REQUIRED WORK:
Copy nothing but the lines running from the one containing "Multi Functional: UGREEN" through the end of the listing below. Drop the pictures.
--- RECORDED DATA Enclosed Below ---
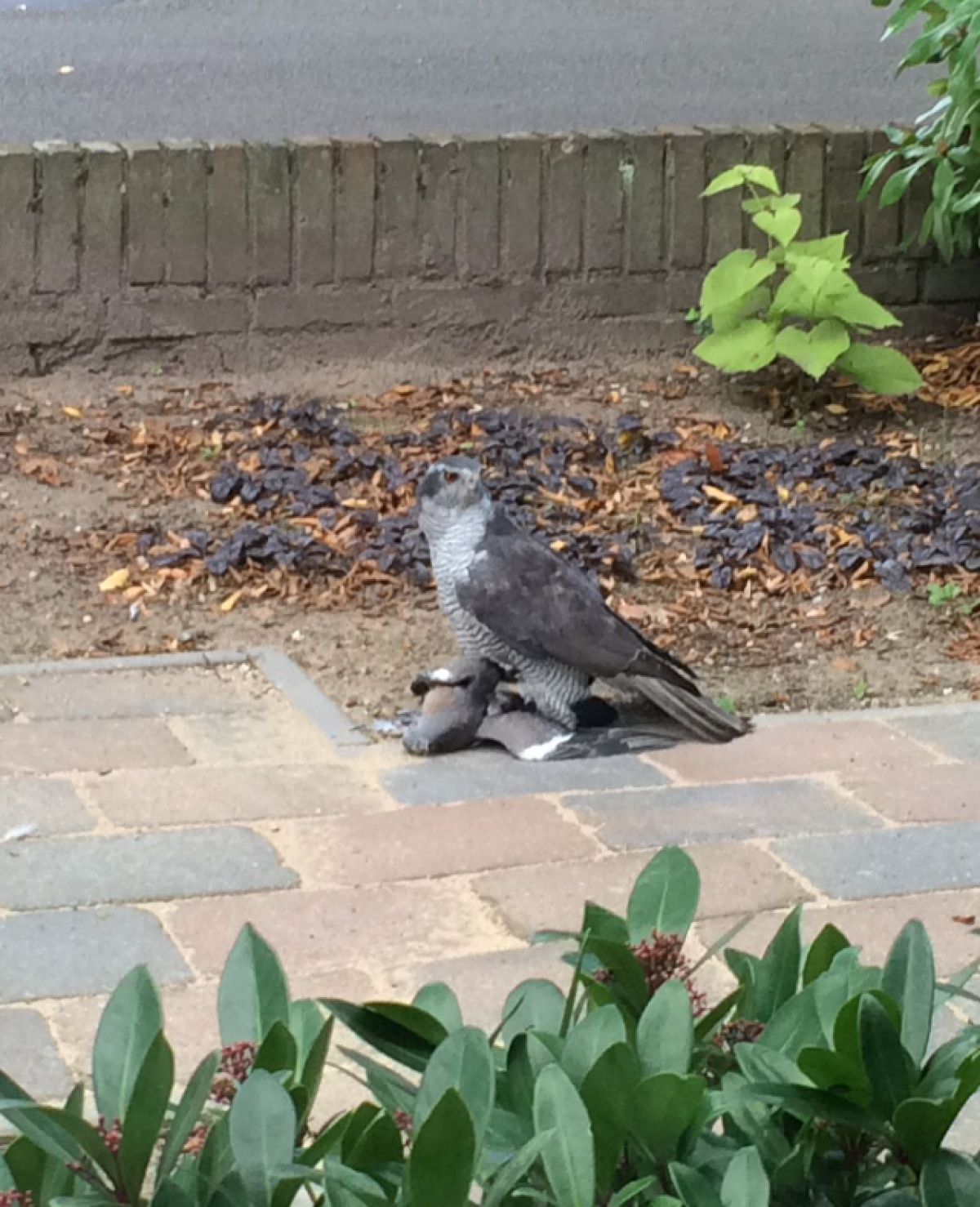 Deze vogel pakte een duif in onze voortuin.Omdat wij binnen de bebouwde kom wonen dacht mijn buurman aan een sperwer, ik denk zelf dat het een havik is.Wie o wie kan dit geschil oplossen?
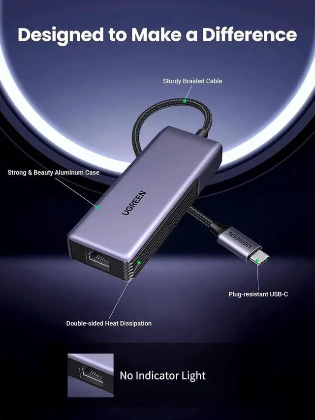 Multi Functional: UGREEN ethernet adapter for laptop supports ACPI and LPM power management, EEE high-performance ethernet (IEEE 802.3az), Wake-on-LAN, Wake-on-WAN, Auto MDI/MDIX
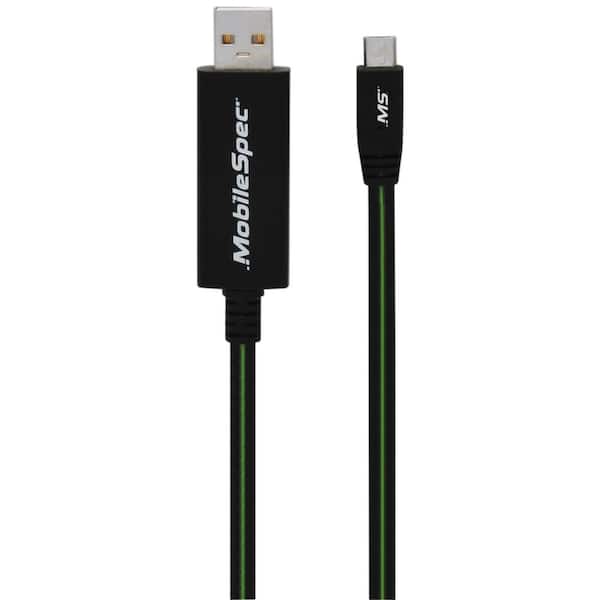 3 ft. Micro to USB Charge and Sync Light-Up Cable in Black/Green
--- End of Enclosed RECORDED DATA ---
ANSWER TO THE PROBLEM:
 Multi Functional: UGREEN ethernet adapter for laptop supports ACPI and LPM power management, EEE high-performance ethernet (IEEE 802.3az), Wake-on-LAN, Wake-on-WAN, Auto MDI/MDIX
 3 ft. Micro to USB Charge and Sync Light-Up Cable in Black/Green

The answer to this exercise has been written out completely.